◆ INFORMATION GIVEN ◆
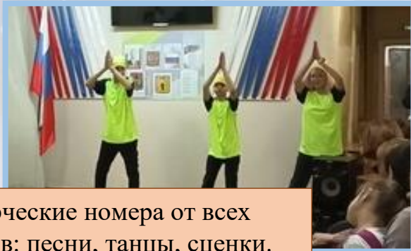
Творческие номера от всех классов: песни, танцы, сценки.
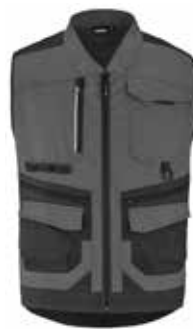
GILET HOMME TROWEL
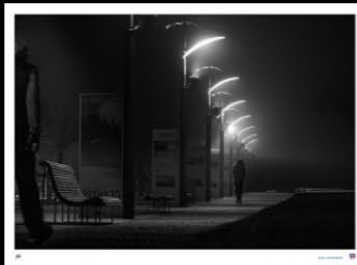
13 La proie, Laurence Meynard
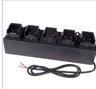
Cargador de cc para 5 bancos: luces angulares intrant™ recargables
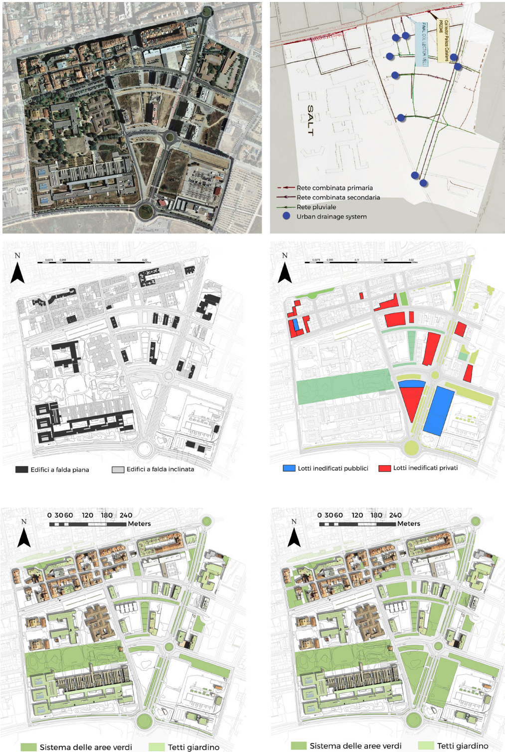
Fig. 2 - Schema del sistema del Barri del Mass Masò - Hospital

infiltration basins, in grado di alleviare la pressione sulla rete di raccolta in caso di precipitazioni intense, stoccando l'acqua in loco e nel resto del tempo essere fruibili come aree naturali ad uso ricreativo e sociale.
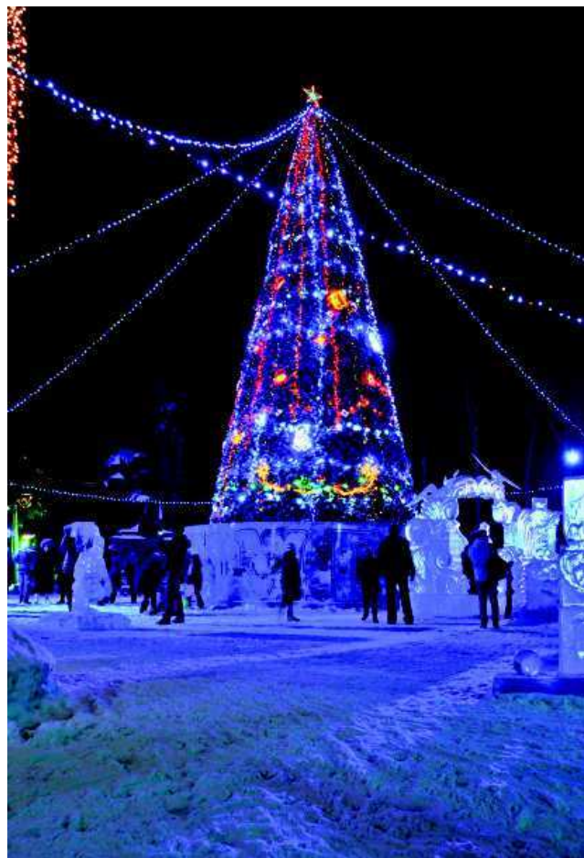
Зеленая красавица обосновалась в парке культуры и отдыха.
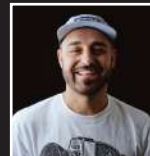
OB ONE (CH)
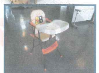
トレイ付きベビチェア
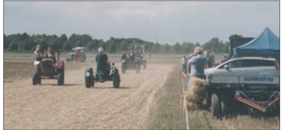
Gemütliche Treckerfahrten auf dem „Speedway“.
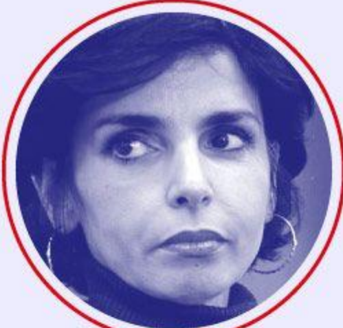
Rachida DATI Culture
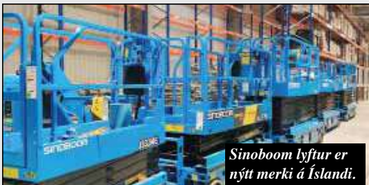
Sinoboom lyftur er nýtt merki á Íslandi.
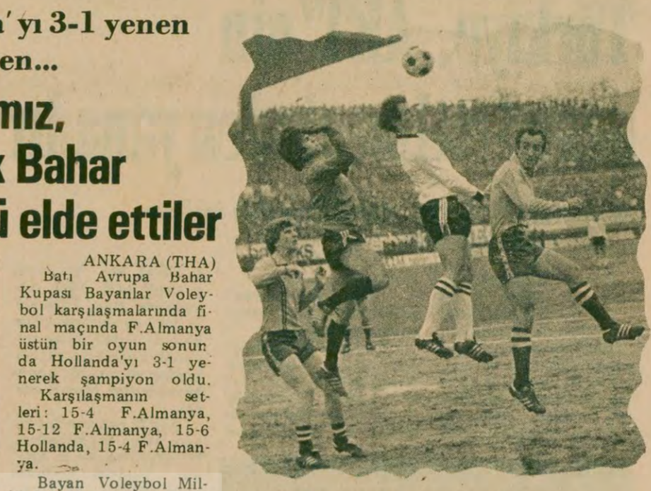
Trabzon-Beşiktaş maçından bir görünüş.

"Kuşkusuz programlı bir çalışma yapamıyoruz. Fizik Kimya derslerinin yapılabilmesi için nasıl laboratuvar gerekiyorsa beden eğitimi derslerinin yapılabilmesi için de tesislerin olması gerekiyor. Ancak bu güne kadar bu konuya sağlıklı bir şekilde eğilinmemiş. Beden eğitimi sürekli olarak önemsenmiş damgasını yemiştir. Bizler bunun zorluklarını konuşuk çalışmalarımızda aksaklıklar doğuyor. Bu da bence sağlıklı bir eğitim sisteminin olmamasından ileri geliyor. Ne öğrenciler ne de eğitimciler için rahat bir çalış-
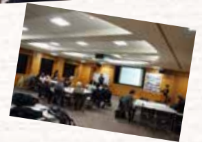
グループワークのようす

*いただいたご意見をもとに、今後検討を進めていきます。ご参加いただきありがとうございました。
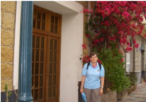
Sitôt arrivé, sac au dos, godasses aux pieds, cartes, boussole, en avant marche.
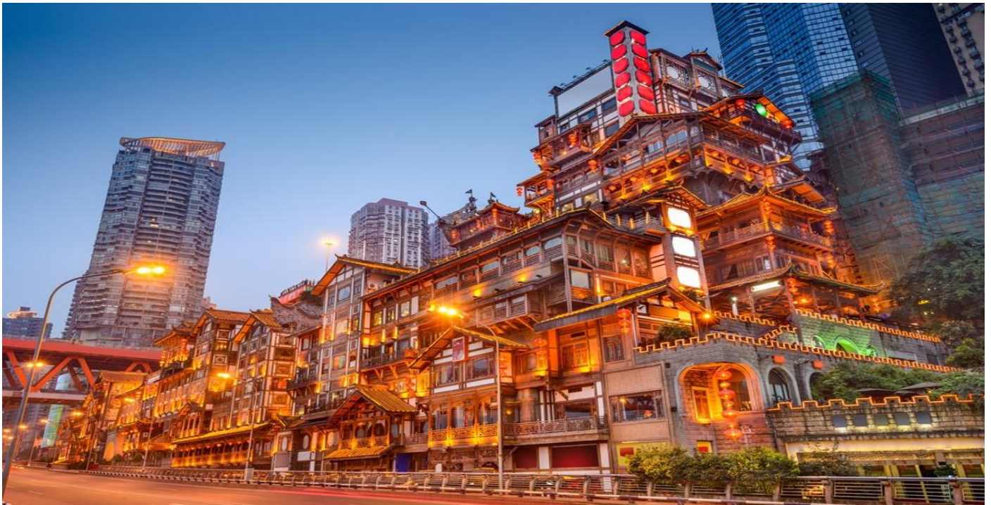
ที่พัก HOLIDAY INN EXPRESS หรือเทียบเท่าระดับ 4 ดาว

จุดชมวิวที่สามารถมองเห็นทิวทัศน์ของแม่น้ำเจียงหลิงและเมืองฉงชิ่งได้อย่างสวยงาม ยามค่ำคืนจะเต็มไปด้วยแสงไฟสีทองนวลที่ส่องสว่าง ทำให้ที่นี่มีบรรยากาศที่งดงามและโรแมนติกจนหลายคนเปรียบเทียบกับฉากในภาพยนตร์แอนิเมชัน Spirited Away อีกทั้งยังเป็นจุดถ่ายรูปที่สำคัญของนักท่องเที่ยวอีกด้วย
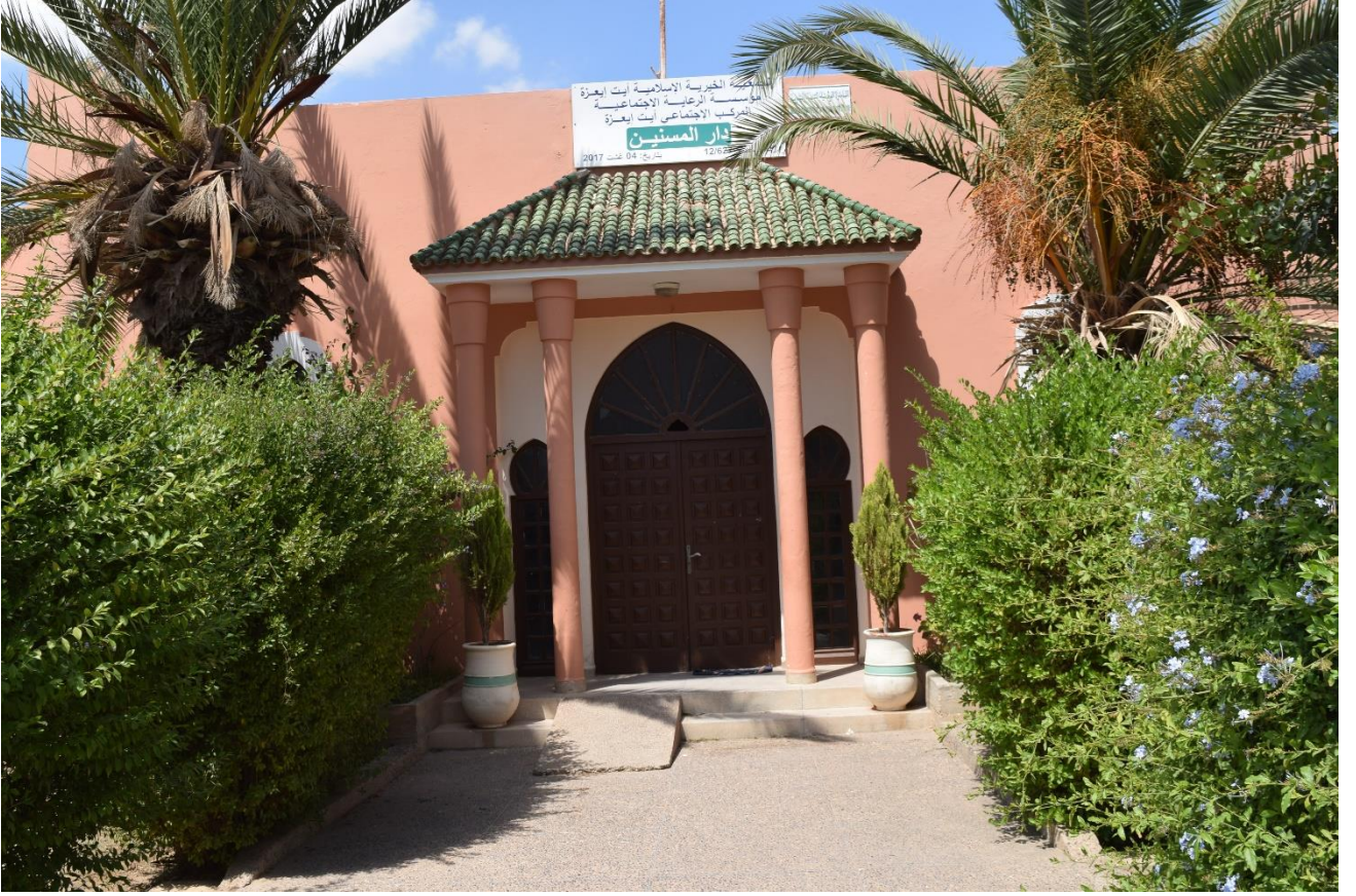
مخر الجمعية الخيرية الإسلامية أيت إيعزة

◆ WORK TASK ◆
Which lines of the data above contain the string "ยบเท"? Copy each of them.

◆ REPLY TO THE TASK ◆
ที่พัก HOLIDAY INN EXPRESS หรือเทียบเท่าระดับ 4 ดาว
จุดชมวิวที่สามารถมองเห็นทิวทัศน์ของแม่น้ำเจียงหลิงและเมืองฉงชิ่งได้อย่างสวยงาม ยามค่ำคืนจะเต็มไปด้วยแสงไฟสีทองนวลที่ส่องสว่าง ทำให้ที่นี่มีบรรยากาศที่งดงามและโรแมนติกจนหลายคนเปรียบเทียบกับฉากในภาพยนตร์แอนิเมชัน Spirited Away อีกทั้งยังเป็นจุดถ่ายรูปที่สำคัญของนักท่องเที่ยวอีกด้วย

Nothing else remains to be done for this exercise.